**INFORMATION SHOWN**
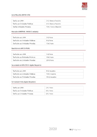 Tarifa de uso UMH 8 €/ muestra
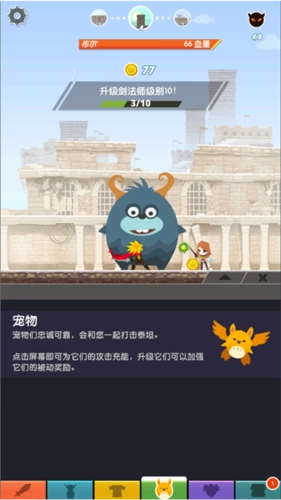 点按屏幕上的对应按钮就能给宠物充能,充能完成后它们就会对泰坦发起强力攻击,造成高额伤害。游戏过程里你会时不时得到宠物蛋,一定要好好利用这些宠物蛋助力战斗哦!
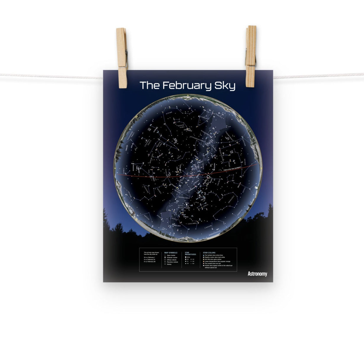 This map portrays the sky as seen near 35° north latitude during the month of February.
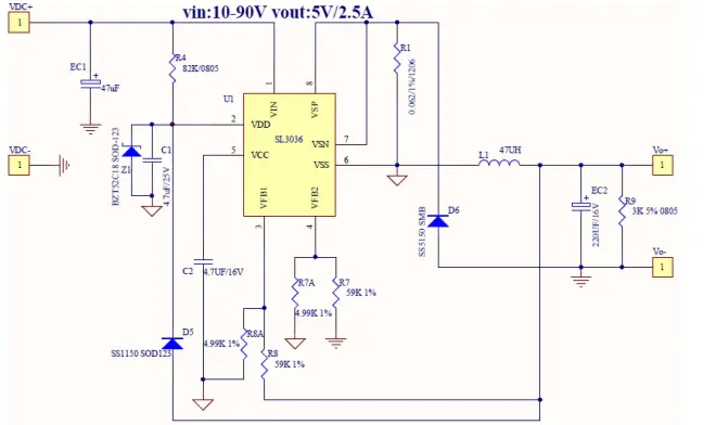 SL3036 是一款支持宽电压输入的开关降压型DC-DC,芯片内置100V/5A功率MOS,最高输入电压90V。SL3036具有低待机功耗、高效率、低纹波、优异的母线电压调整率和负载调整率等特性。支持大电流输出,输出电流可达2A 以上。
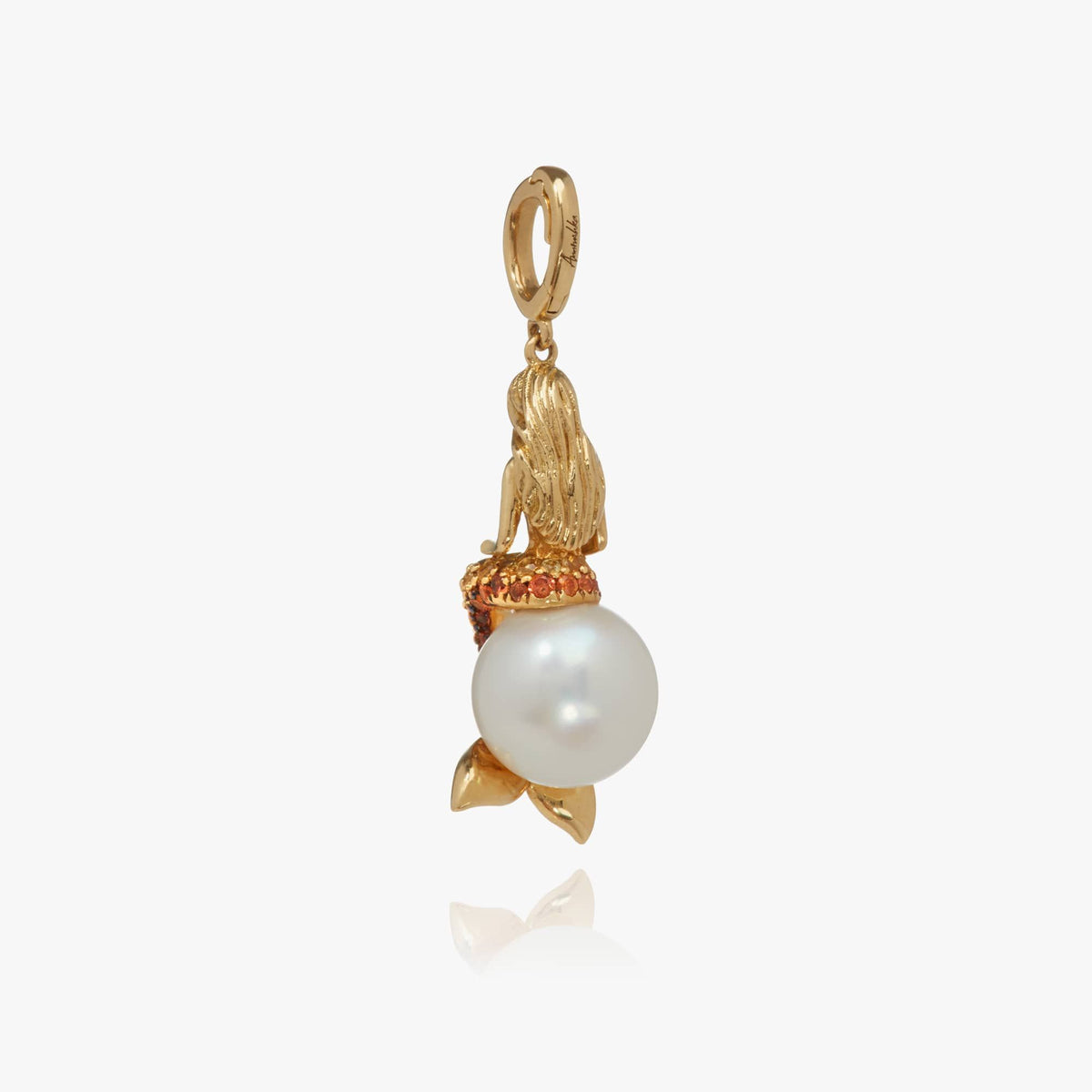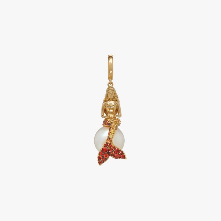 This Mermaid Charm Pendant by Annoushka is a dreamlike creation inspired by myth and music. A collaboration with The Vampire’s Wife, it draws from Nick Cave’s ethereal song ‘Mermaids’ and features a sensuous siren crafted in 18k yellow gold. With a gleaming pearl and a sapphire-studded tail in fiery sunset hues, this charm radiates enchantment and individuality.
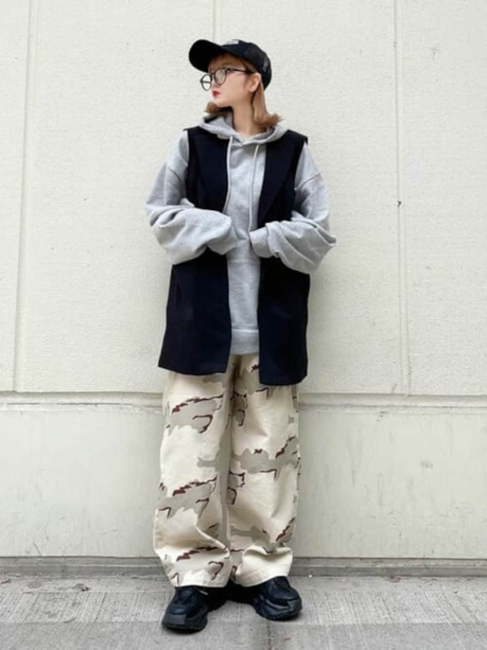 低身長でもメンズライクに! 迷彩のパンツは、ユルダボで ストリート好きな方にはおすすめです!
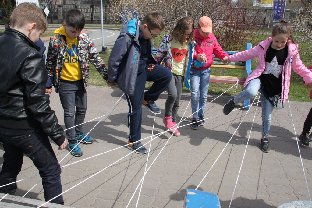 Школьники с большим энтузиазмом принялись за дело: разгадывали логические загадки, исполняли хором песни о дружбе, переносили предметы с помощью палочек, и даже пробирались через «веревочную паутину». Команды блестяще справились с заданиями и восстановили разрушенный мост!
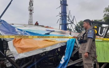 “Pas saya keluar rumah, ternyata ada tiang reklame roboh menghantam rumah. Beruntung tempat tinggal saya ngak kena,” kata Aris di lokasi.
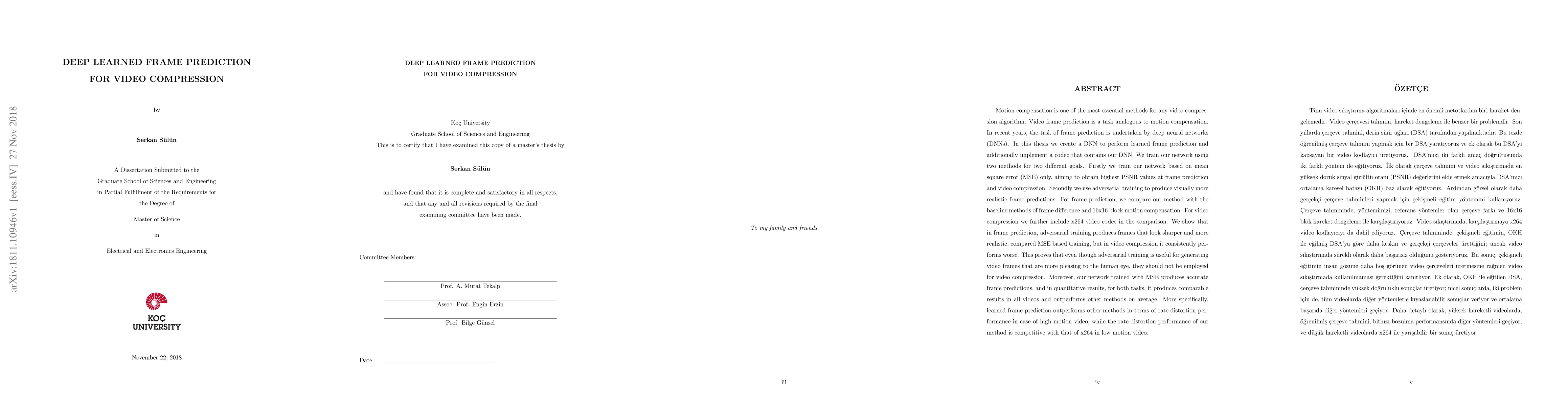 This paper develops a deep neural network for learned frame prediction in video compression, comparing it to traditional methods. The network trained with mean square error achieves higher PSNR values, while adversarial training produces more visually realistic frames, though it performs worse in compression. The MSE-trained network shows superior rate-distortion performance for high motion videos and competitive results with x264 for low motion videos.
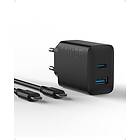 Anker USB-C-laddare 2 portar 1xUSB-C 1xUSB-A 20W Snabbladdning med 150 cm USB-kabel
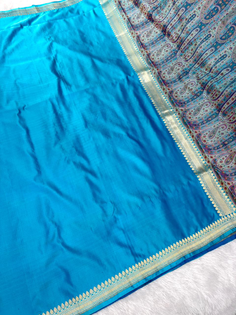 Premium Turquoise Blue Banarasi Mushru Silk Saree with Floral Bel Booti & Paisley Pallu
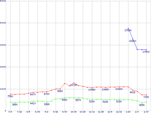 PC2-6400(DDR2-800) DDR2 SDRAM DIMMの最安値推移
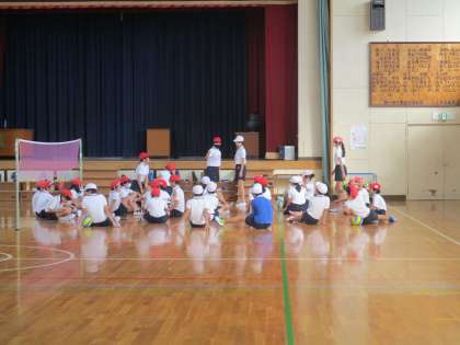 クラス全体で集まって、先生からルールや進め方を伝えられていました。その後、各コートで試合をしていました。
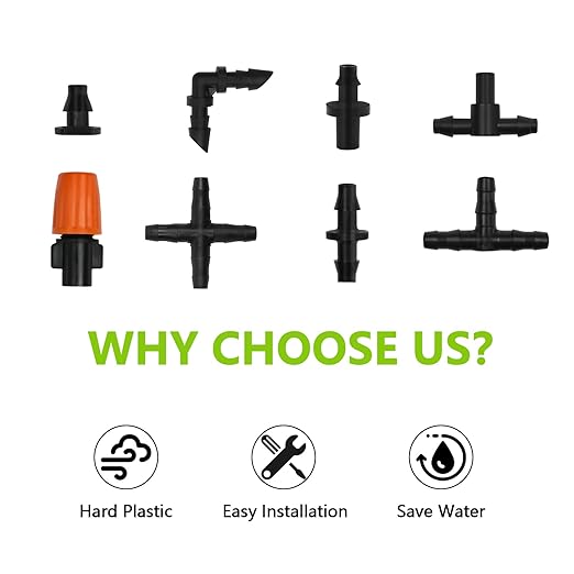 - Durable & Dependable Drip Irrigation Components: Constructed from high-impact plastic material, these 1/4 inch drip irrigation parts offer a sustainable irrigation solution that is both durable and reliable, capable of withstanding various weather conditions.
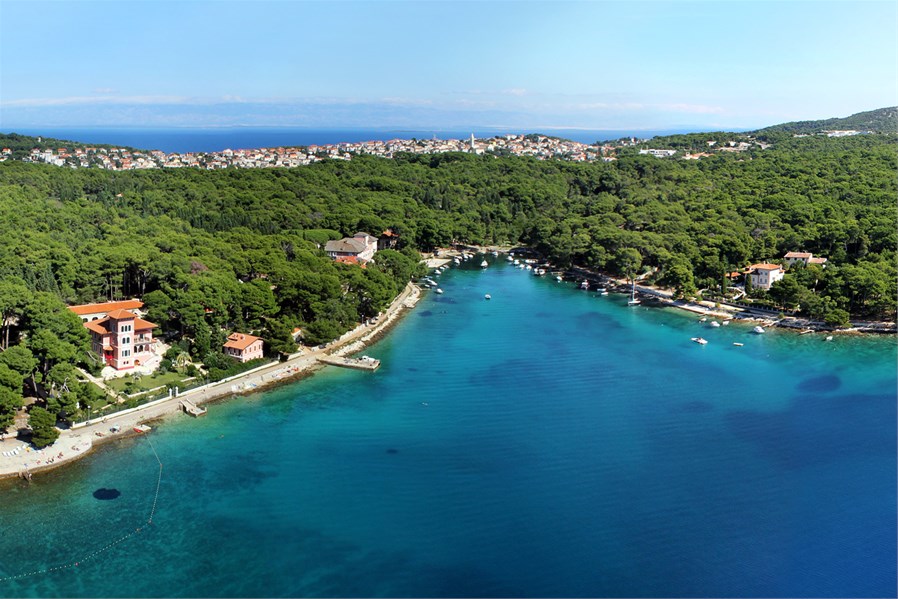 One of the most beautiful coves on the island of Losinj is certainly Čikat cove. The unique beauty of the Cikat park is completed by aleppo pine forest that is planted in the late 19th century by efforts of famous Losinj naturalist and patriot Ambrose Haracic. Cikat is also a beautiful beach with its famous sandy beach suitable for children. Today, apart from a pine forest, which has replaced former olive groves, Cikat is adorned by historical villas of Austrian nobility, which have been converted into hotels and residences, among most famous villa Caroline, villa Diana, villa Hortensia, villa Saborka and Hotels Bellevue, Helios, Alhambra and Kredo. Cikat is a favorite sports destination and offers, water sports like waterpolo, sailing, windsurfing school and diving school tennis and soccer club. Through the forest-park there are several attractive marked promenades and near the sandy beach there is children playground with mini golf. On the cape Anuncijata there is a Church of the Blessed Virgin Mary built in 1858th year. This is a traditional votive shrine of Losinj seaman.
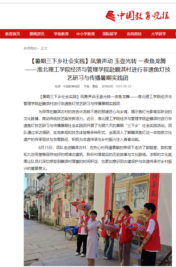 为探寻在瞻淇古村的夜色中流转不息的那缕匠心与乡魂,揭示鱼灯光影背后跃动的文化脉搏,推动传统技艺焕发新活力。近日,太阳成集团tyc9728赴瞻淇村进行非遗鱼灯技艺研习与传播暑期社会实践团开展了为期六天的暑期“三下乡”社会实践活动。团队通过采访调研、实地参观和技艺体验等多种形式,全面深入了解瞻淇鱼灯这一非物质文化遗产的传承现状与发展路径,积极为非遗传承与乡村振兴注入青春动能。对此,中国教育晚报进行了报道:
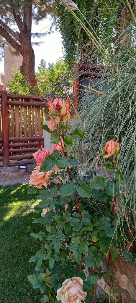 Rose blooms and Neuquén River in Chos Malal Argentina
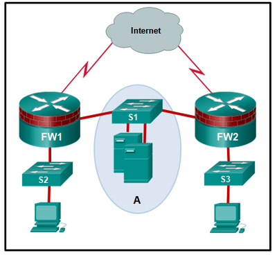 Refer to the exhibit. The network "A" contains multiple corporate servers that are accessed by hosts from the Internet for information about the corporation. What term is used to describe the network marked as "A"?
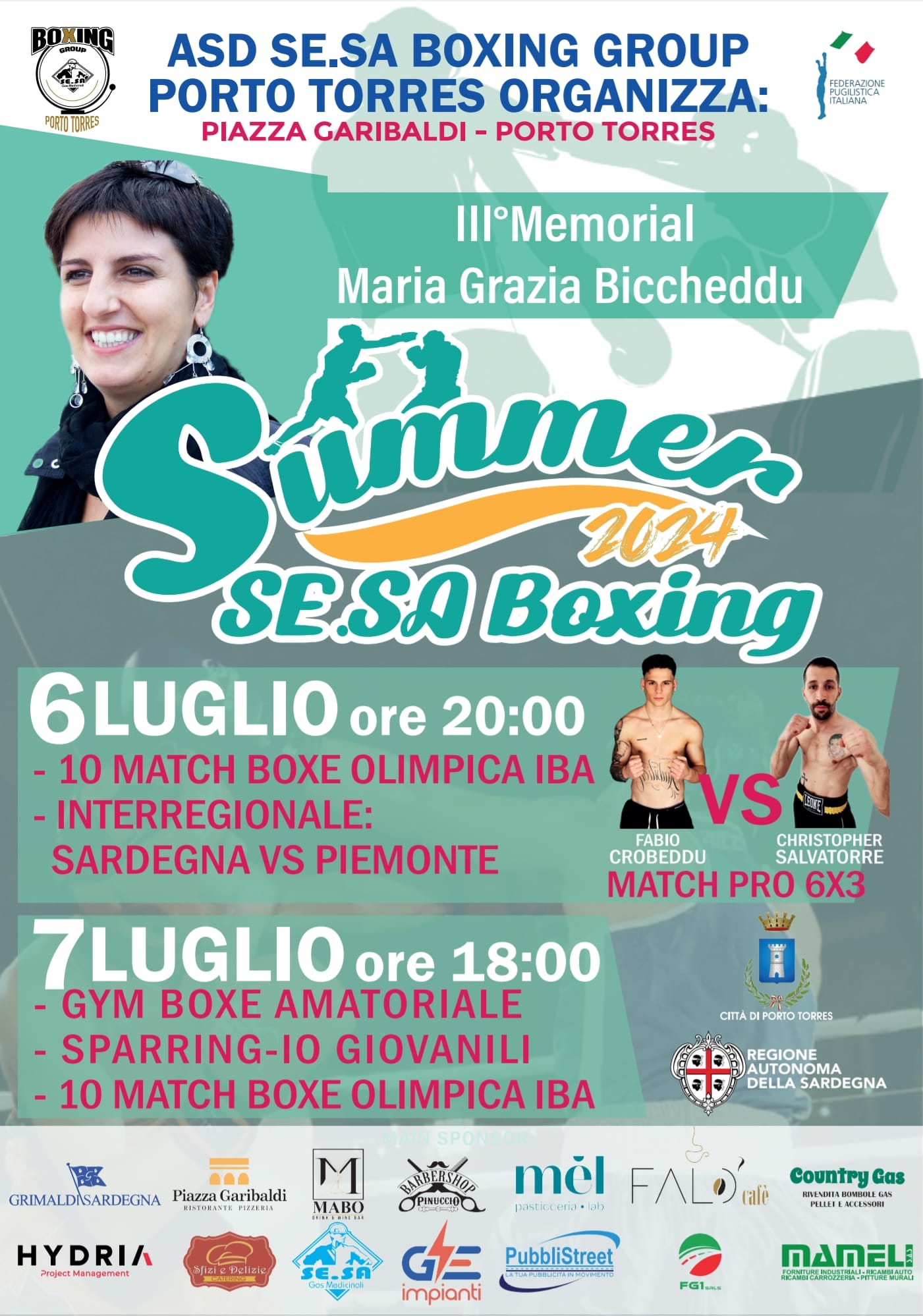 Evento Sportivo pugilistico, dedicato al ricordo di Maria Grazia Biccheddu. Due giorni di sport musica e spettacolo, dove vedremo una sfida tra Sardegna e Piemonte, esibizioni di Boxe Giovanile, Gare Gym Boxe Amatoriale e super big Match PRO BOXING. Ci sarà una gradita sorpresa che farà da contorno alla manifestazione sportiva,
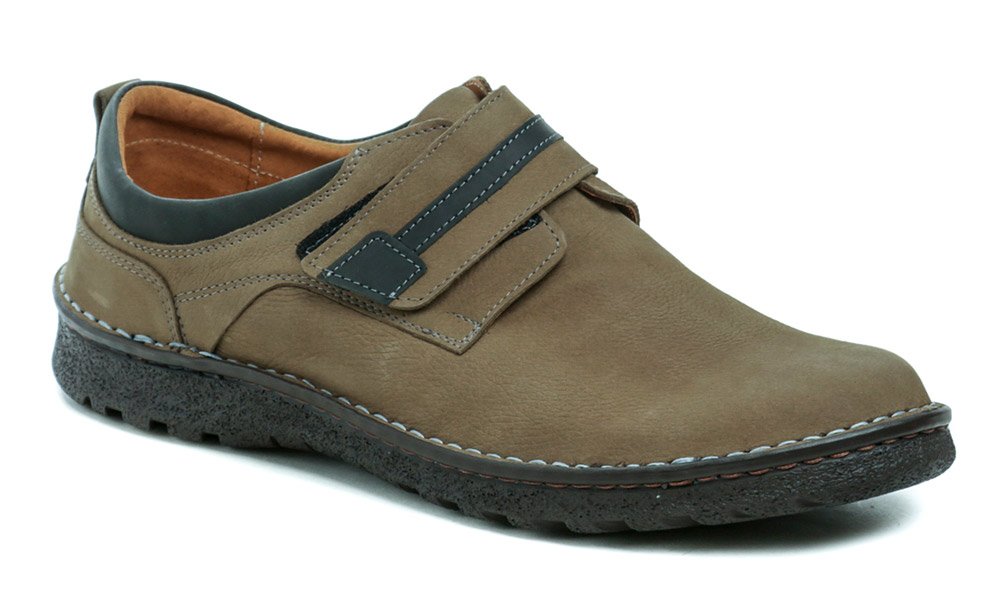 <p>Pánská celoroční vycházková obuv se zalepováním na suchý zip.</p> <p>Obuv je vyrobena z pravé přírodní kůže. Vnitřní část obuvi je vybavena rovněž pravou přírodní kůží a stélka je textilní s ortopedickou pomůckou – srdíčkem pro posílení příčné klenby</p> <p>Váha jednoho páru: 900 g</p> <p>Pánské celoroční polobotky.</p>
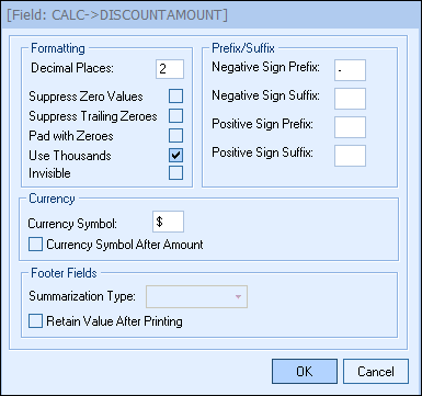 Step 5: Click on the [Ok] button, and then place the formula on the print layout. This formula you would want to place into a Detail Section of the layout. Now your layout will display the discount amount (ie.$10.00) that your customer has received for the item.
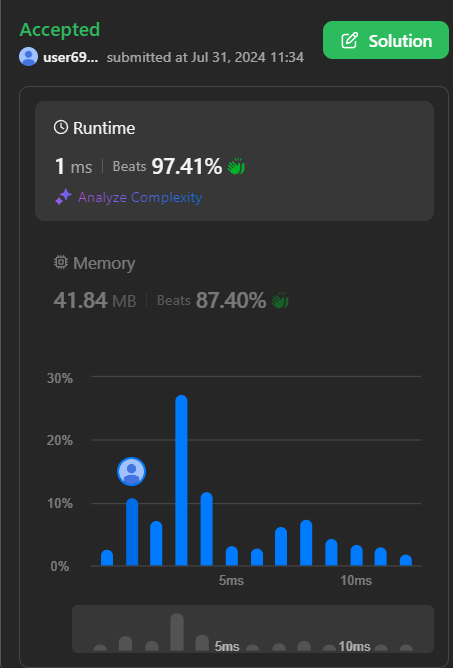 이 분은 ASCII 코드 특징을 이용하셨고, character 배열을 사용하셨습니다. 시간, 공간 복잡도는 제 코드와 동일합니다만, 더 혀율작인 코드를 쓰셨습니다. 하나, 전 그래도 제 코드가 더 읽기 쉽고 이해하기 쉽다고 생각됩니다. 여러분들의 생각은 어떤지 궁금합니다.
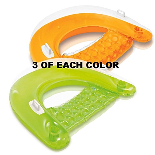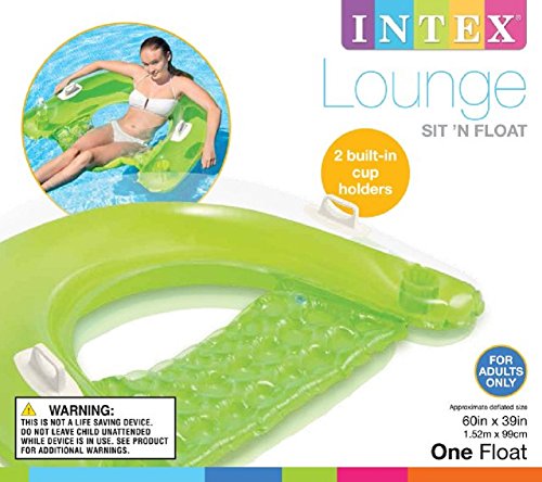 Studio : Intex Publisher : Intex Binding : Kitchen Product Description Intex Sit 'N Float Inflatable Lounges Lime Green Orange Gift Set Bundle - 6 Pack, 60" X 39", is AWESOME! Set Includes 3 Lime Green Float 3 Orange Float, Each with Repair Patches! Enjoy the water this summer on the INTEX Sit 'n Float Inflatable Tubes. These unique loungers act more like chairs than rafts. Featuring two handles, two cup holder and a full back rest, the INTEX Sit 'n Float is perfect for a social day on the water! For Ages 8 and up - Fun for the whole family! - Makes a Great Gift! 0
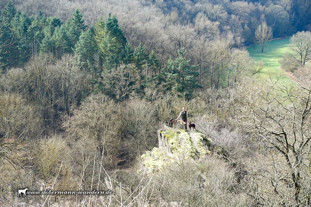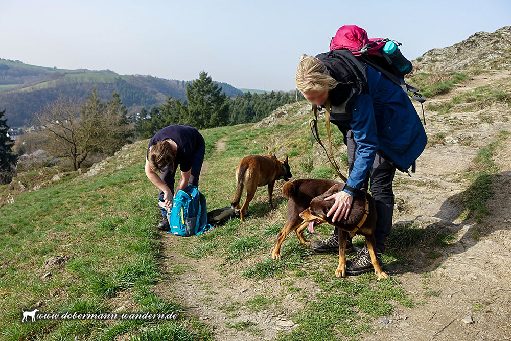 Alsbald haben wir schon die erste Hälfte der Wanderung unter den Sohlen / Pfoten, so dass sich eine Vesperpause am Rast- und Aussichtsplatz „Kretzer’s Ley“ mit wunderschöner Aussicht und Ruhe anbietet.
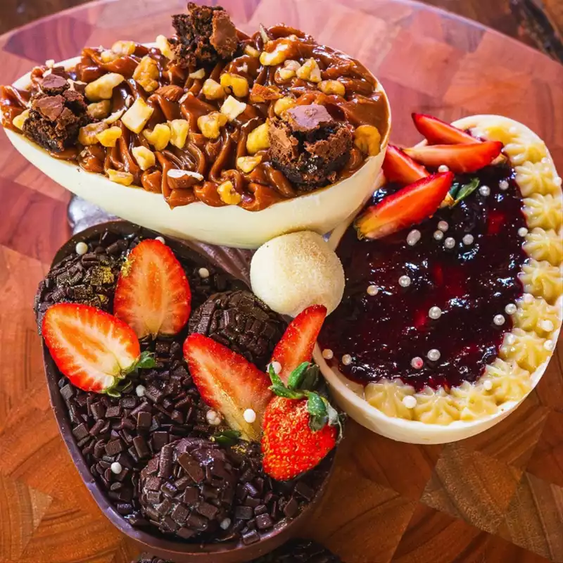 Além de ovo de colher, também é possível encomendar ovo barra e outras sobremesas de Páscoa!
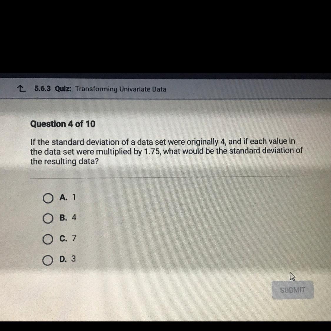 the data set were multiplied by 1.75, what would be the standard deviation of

**WHAT IS NEEDED**
Exactly as written above, retype the lines starting at the one holding "Rose blooms and" and ending at the one holding "Refer to the", both included, but not the pictures.

**RESULT OF THE EXERCISE**
 Rose blooms and Neuquén River in Chos Malal Argentina
 Refer to the exhibit. The network "A" contains multiple corporate servers that are accessed by hosts from the Internet for information about the corporation. What term is used to describe the network marked as "A"?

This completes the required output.